That would be my suggestion. If someone wants to reimpose rules simply on modestly higher case levels, they should say that now so we can all know what we are dealing with – but also so we can perhaps reach an understanding.
Note however that this poll, although shared this week, referred to indoor mask mandates for the next thirty days as of the end of December. At that time the argument for a temporary indoor mask mandate was maximally strong. Cases are dramatically down since then.
It is widely believed that speaking helps to spread Covid, including in public places. Yet if you try to book a ticket on the Acela (a term also used sarcastically to describe a particular brand of Eastern elites), you can get tickets only in the Quiet Car. The rest of the train is already sold out, because people prefer to be able to talk.
You may not think that is how things should be, but that is how they are. And no, the Acela does not run from Alabama to West Virginia.
Not only is the quiet car otherwise underrated, this shows how much people actually care about physical Covid prevention for its own sake.
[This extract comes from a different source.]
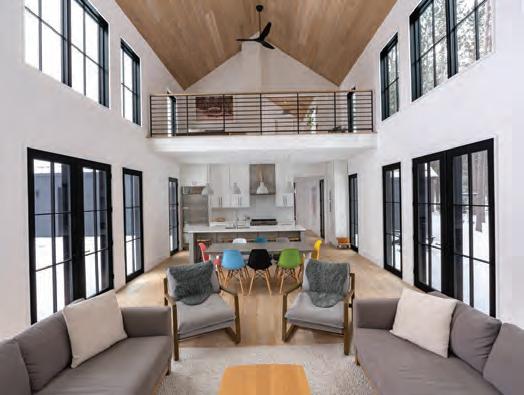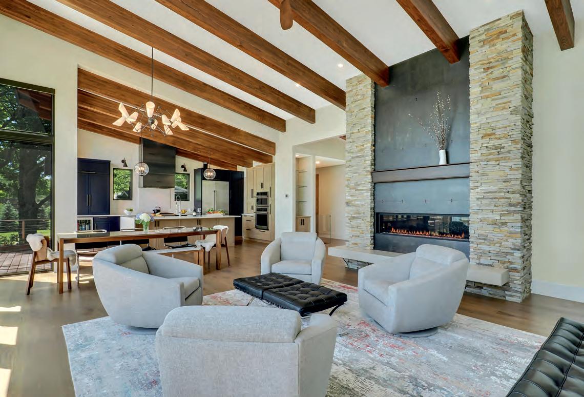 Above: The fireplace surround, made of fabricated steel, was accented by antique-looking fasteners and patinaed by skilled painters. The rhythm of stained, structural ceiling beams unites the main living space.

The answer is very little.
Not only is it impossible for people to tell the difference between public mandate and private choice, they are being mocked as hypocrites and liars for daring to notice that there is a distinction.
They didn’t say why they did this, but perhaps could masks be hurting children’s ability to learn language, and they’re trying to pretend it is fine?
Mostly I’m all for lowering ‘milestones’ because my experience as a parent says that the primary purpose of milestones is to find the place in which your child is below average and then freak you the hell out about it for no good reason.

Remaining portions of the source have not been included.